Rund 4000 Beamte sollen in der Region im Einsatz sein. Umweltorganisationen haben weitere Blockaden entlang der Strecke installiert, über den Sitzenden kreist ein Hubschrauber. Mehr als zwei Stunden dürfen sie hocken bleiben - dann sind mehr als dreihundert Einsatzkräfte vor Ort. Zu viert schleppen die Polizisten die Castor-Gegner jeweils von den Bahngleisen und einen steilen, verschneiten Abhang hinauf. Ihre grünen und blauen Uniformen färben sich dabei weiß, ihre Gesichter knallrot.

Es sind Minus vier Grad, Schneeböen quälen die Gesichter. Da hilft auch keine wollene Mütze. Dutzende Demonstranten haben vorher freiwillig aufgegeben.

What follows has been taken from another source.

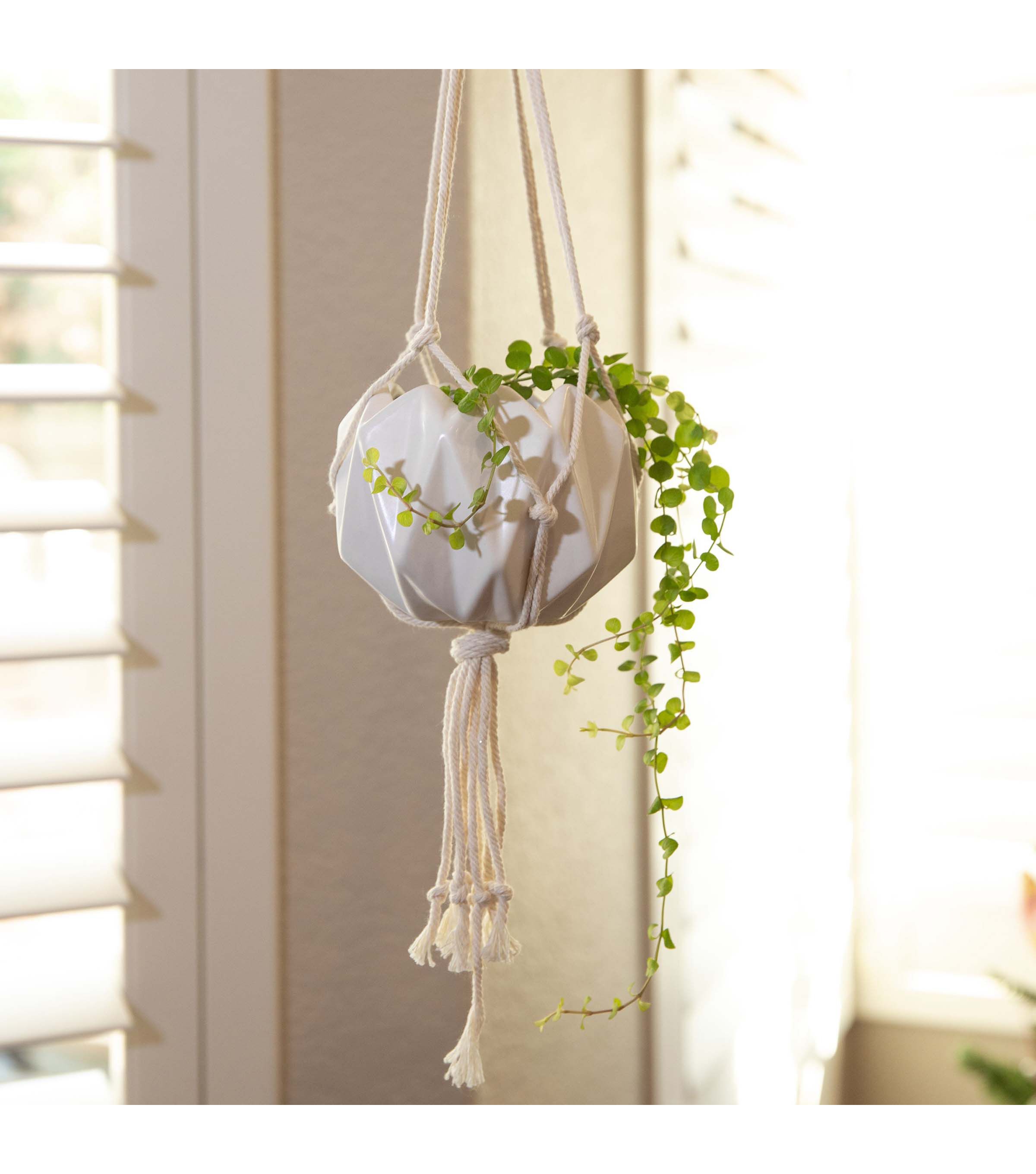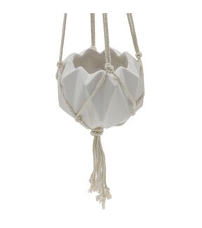 Hang with me! Hang this Geometric Ceramic Planter anywhere in your home to create an indoor floating oasis. Handcrafted by Artisans, our macramé hanging planter will help elevate your plant game in a modern style. Made of ceramic with geometric patterns and painted matte white, this 5"x5"x4" hanging planter will add a bit of chic nature to your living space. Buy a few at a time, so you can start your own floating garden indoors! Handcrafted by Artisans Measurement: 5”x5”x4” Color: Matte White Material: Ceramic, Rope **No Drainage Hole. Indoor Use Only!**

Es ist nicht nur die Kälte: Wer weggeräumt wird, soll später ein Bußgeld bezahlen. Alwina, Tim und ihre Freunde wollen das in Kauf nehmen. Sie lassen sich tragen, immer wieder stolpern die Polizisten dabei, müssen sich gegenseitig stützen.

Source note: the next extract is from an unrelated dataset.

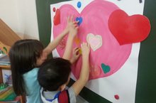 В течение дня всем ребятам детского сада предлагалось сделать «сердце группы». Педагоги вырезали большое сердце, потом ребята украсили маленькими сердечками, вырезанными из цветной бумаги. Большие сердца групп, сделанные руками детей, получились «горячими».

Aktivisten blockieren Castor-Strecke

Wie die anderen muss Alwina ihren Ausweis vor eine Kamera halten, dann führen sie zwei Beamte in einen Kessel aus Polizisten, mitten auf dem Feld. So soll verhindert werden, dass sich die Demonstranten erneut auf die Gleise setzen. Die Räumung verläuft ruhig und ohne Zwischenfälle.

"Alles absolut friedlich, nirgendwo Krawall", sagt ein Polizeisprecher mit Castor-Erfahrung, der aus Niedersachsen herbeordert wurde. Allerdings sei das Blockieren der Strecke natürlich illegal, das Wetter mache das Ganze zu einer extremen Situation, die es so wohl noch nicht gegeben habe.

Auch die weggetragenen Blockierer beklagen sich nicht, zumindest nicht über das Vorgehen der Beamten. Nur die Gefangenen-Sammelstelle unter freiem Himmel geht den Übernächtigten und Durchgefrorenen dann doch zu weit. "Das ist doch illegal", sagt Alwina. Immerhin: Nach einer Stunde werden sie in Busse verfrachtet und abtransportiert.

Nur wenige Kilometer vor dem Ziel in Lubmin stockte derweil der Castor-Transport wegen einer Blockade zweier Atomkraftgegner: Zwei Aktivisten der Aktionsgemeinschaft Robin Wood hatten sich am Nachmittag mit einer Betonkonstruktion im Gleisbett festgekettet. Sie verzögerten die Ankunft des Zuges um rund sechs Stunden: Erst kurz vor 22 Uhr erreichte er nach knapp zweitägiger Fahrt aus Südfrankreich das Zwischenlager Nord.